# REQUIRED WORK:
Take the lines in the listing below from the line with "Lacquered Metal Crowned" up to and including the line with "Raport CCIFP i" and set them down exactly, skipping pictures and adding nothing.

# DATA EXTRACTS:
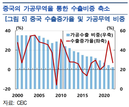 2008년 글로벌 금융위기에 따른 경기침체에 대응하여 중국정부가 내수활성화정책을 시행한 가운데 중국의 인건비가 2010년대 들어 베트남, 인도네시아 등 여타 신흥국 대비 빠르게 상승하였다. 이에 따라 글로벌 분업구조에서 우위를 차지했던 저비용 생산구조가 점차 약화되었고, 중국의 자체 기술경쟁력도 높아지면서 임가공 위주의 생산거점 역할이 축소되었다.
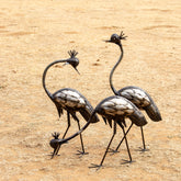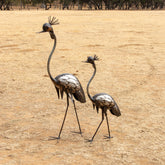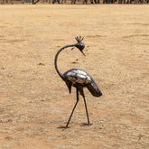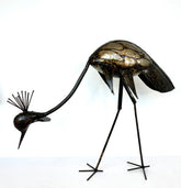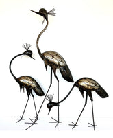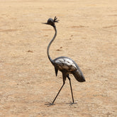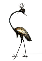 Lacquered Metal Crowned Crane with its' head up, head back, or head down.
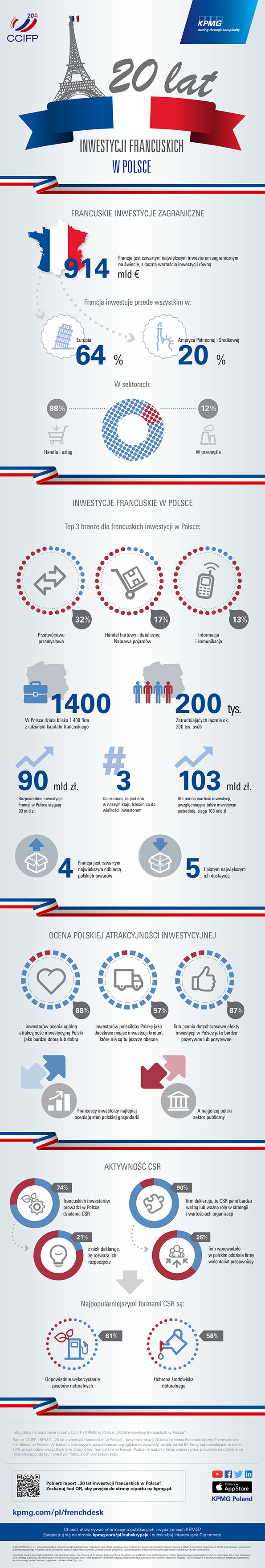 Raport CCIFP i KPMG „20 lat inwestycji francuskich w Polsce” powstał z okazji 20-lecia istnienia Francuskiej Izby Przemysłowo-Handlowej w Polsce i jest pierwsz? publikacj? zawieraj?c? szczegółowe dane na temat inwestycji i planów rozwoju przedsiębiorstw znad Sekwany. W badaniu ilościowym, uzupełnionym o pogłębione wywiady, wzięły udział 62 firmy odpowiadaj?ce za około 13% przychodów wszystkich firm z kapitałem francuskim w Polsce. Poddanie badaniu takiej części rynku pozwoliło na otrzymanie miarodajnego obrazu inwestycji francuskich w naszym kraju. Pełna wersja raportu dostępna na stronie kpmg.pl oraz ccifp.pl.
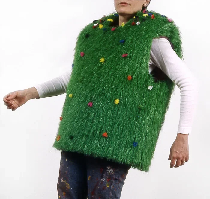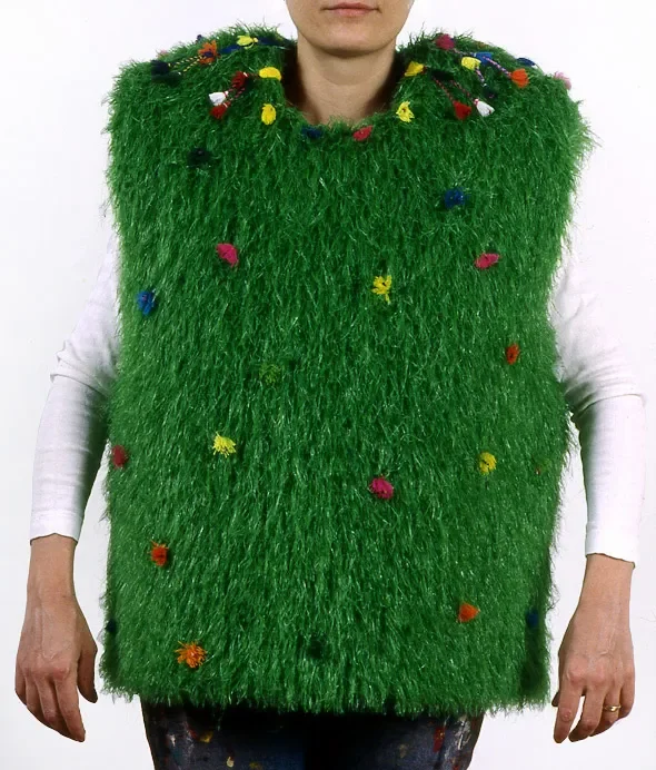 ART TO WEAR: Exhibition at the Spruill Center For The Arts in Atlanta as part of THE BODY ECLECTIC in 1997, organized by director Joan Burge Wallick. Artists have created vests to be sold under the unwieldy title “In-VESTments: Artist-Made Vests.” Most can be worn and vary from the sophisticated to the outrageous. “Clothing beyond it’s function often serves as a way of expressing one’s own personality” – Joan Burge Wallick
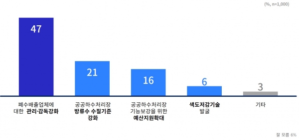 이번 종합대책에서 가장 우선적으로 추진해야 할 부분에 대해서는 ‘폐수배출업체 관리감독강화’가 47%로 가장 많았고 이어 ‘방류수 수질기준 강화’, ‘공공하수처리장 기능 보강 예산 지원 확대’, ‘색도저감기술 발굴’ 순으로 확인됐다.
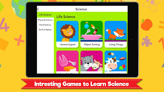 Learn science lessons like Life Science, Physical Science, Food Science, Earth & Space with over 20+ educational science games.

# OUTPUT FOR THIS EXERCISE:
 Lacquered Metal Crowned Crane with its' head up, head back, or head down.
 Raport CCIFP i KPMG „20 lat inwestycji francuskich w Polsce” powstał z okazji 20-lecia istnienia Francuskiej Izby Przemysłowo-Handlowej w Polsce i jest pierwsz? publikacj? zawieraj?c? szczegółowe dane na temat inwestycji i planów rozwoju przedsiębiorstw znad Sekwany. W badaniu ilościowym, uzupełnionym o pogłębione wywiady, wzięły udział 62 firmy odpowiadaj?ce za około 13% przychodów wszystkich firm z kapitałem francuskim w Polsce. Poddanie badaniu takiej części rynku pozwoliło na otrzymanie miarodajnego obrazu inwestycji francuskich w naszym kraju. Pełna wersja raportu dostępna na stronie kpmg.pl oraz ccifp.pl.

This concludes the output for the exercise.